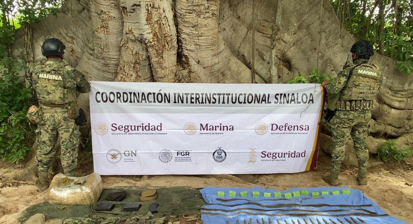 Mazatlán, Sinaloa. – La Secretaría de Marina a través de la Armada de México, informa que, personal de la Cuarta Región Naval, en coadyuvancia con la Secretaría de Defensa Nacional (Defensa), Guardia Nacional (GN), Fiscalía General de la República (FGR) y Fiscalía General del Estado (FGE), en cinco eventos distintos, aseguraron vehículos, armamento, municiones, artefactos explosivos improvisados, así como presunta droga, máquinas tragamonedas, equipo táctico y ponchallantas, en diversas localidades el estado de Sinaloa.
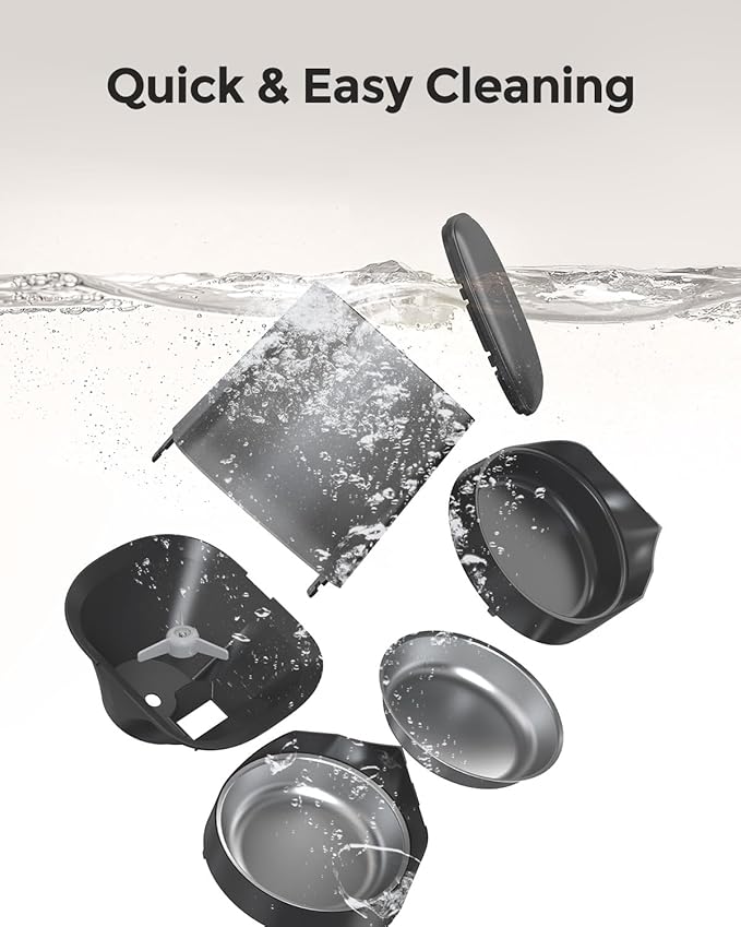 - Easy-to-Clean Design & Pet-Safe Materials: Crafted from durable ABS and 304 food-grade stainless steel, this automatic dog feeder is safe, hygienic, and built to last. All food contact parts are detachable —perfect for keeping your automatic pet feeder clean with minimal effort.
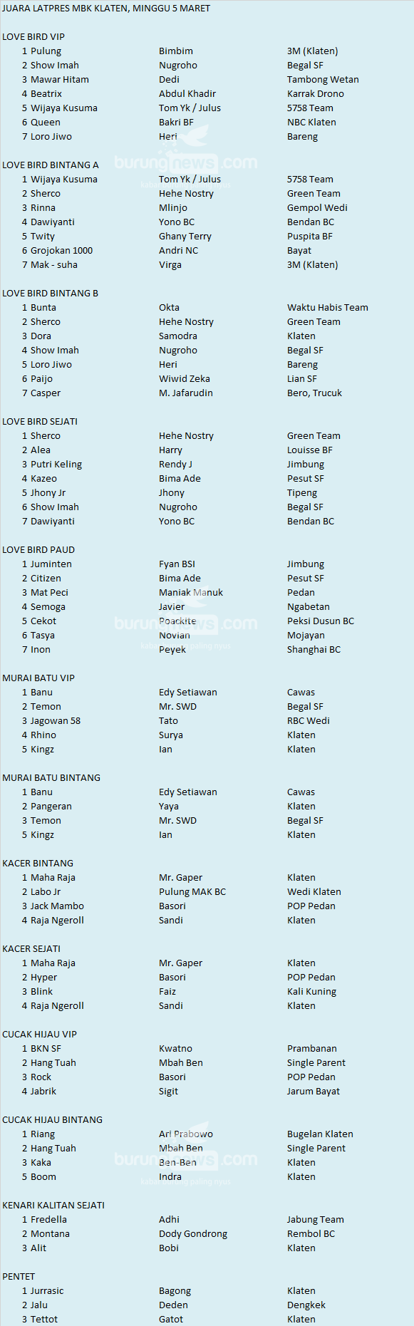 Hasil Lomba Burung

──────────

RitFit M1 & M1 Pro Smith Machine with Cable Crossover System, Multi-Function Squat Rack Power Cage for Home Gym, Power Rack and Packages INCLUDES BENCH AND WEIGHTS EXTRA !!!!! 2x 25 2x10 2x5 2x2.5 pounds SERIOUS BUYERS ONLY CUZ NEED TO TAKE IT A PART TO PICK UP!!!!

──────────

▶ _WHAT TO DO_: Out of the records above, return only the lines from the one with "- Easy-to-Clean Design" through the one with "Hasil Lomba Burung", exactly, and none of the pictures.

▶ _RESULT_:
 - Easy-to-Clean Design & Pet-Safe Materials: Crafted from durable ABS and 304 food-grade stainless steel, this automatic dog feeder is safe, hygienic, and built to last. All food contact parts are detachable —perfect for keeping your automatic pet feeder clean with minimal effort.
 Hasil Lomba Burung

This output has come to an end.